# Animals as leaders theory?



## Lives Once Abstract (Feb 25, 2012)

Does anyone know the actual theory behind his music? like what type of scales and arpegios he uses? along with chords? i know how to play a few of his songs but i have no idea what im actually playing if that makes sense? 

i know he uses alot of jazzy influence, but its nothing like any jazz ive ever heard


----------



## Wings of Obsidian (Feb 25, 2012)

Lives Once Abstract said:


> Does anyone know the actual theory behind his music? like what type of scales and arpegios he uses? along with chords? i know how to play a few of his songs but i have no idea what im actually playing if that makes sense?
> 
> i know he uses alot of jazzy influence, but its nothing like any jazz ive ever heard


 
Tosin has a real mastery for extended jazz chord voicings via the extra range on the 7 and 8-string guitars. I mean, some of the stuff he uses are chords made of parallel 4ths and 5ths (turn those into arpeggios). Any really dissonant-sounding "sus" or "add" are probably also a good guess.

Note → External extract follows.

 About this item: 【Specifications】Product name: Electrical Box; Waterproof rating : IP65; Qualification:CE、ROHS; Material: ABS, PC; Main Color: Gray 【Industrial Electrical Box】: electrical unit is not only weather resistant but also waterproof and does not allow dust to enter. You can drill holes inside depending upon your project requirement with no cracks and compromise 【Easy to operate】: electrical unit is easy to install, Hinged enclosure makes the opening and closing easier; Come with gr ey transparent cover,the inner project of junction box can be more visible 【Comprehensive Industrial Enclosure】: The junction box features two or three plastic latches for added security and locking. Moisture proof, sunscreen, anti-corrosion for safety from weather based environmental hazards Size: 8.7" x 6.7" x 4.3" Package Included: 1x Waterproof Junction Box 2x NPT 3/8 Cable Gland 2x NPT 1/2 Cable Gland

Another really important thing is Tosin's selection of which intervals to use, which can really affect the sound and selection of chords.

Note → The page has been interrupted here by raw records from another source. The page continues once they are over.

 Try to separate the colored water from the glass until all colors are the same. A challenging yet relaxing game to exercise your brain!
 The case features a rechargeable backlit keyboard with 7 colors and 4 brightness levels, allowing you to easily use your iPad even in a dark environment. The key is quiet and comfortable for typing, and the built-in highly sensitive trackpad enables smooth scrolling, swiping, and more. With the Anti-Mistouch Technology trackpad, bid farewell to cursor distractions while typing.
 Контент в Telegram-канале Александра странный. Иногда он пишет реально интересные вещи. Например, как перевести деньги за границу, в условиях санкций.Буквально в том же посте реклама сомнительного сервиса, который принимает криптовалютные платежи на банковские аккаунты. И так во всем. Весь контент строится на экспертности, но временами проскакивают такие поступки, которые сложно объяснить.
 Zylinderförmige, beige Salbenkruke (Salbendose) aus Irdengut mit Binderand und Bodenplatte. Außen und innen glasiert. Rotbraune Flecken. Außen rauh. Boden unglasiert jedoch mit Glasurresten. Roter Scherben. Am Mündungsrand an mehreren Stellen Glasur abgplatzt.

I'm not a theory wiz. But that's just my:


----------



## celticelk (Feb 25, 2012)

Personal opinion, and I'm really *not* trying to be an asshole about this: if you don't understand what you're playing, you might as well not play it. You're just parroting back muscle movement, and as impressive as the movement might be, it's a short step up from training monkeys to do backflips or something.

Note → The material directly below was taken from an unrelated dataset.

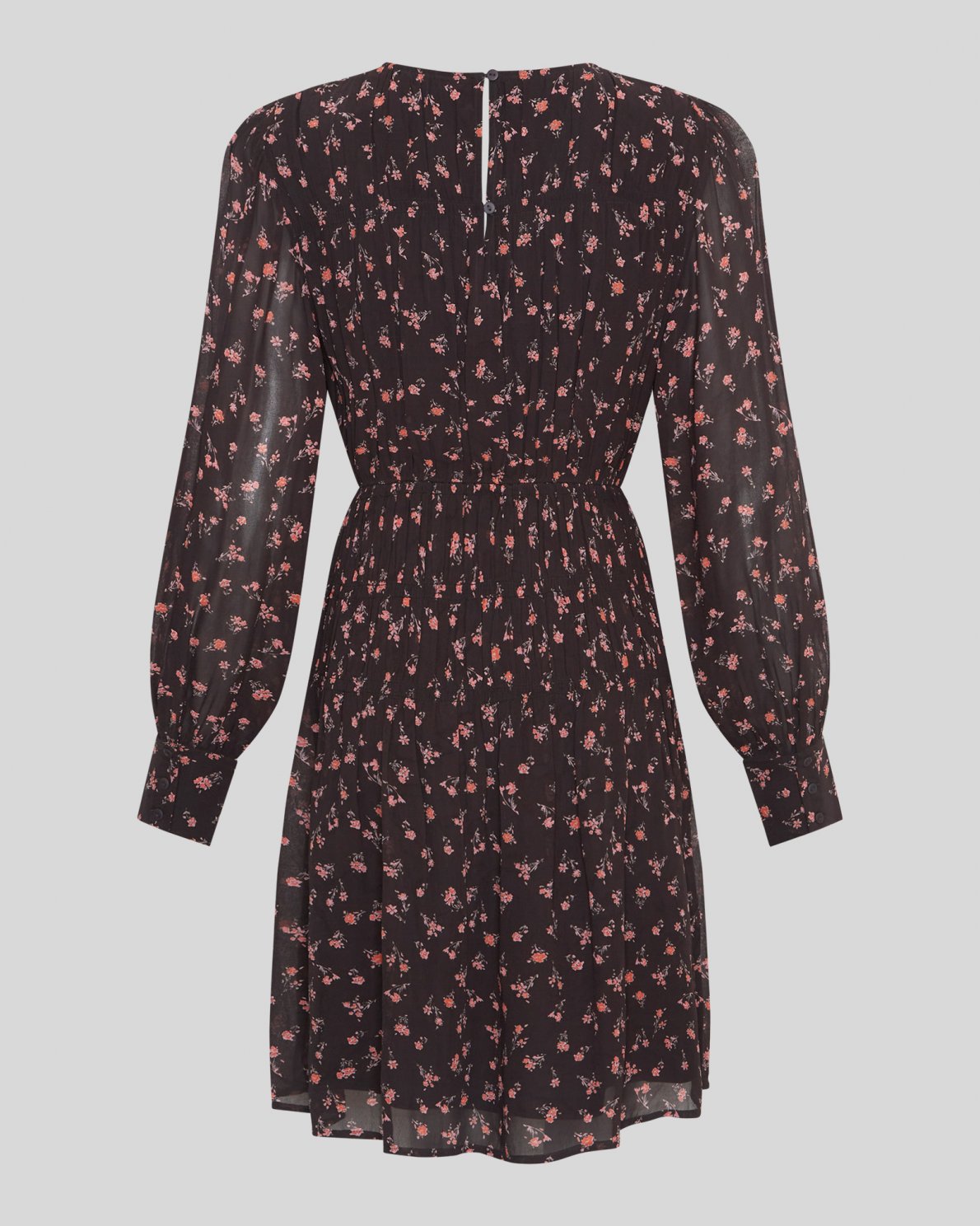 Kurzes Kleid mit Mesh-Außenlage und schwarzem Unterkleid. Das Kleid hat lange Ärmel mit breiten Manschetten, einen runden Halsausschnitt und einen elastischen Bund in der Taille. Kleine Knöpfe befinden sich auf der Vorderseite.

Ignorance, fortunately, is curable: if you can play the notes, then you can figure out what they are, and from there you can arrange them into a chord or scale through their relationships to each other and to the prevailing tonality of that section of the song. If the notes in a particular passage are G, B, D, and F#, for example, and the rhythm part underneath the lead line is a syncopated open E, then you can say that (a) Tosin's playing a Gmaj7 arpeggio and (b) that he's doing it to establish an Emin9 sound, which is the relationship those notes have to an E root. This requires that you know some stuff about musical theory; if you don't, check out pretty much any of the threads in this subforum for further advice, with particular attention to SchecterWhore and Solodini's recommendations. You might also check out some of Tosin's lessons from various sources on YouTube for some insights into what he was thinking when he wrote particular songs or sections; there's an entire clinic from his recent Australia tour that's especially helpful in that regard.


----------



## Lives Once Abstract (Feb 25, 2012)

its not that i dont "know" what im playing, i just dont know the overall theory of it all. 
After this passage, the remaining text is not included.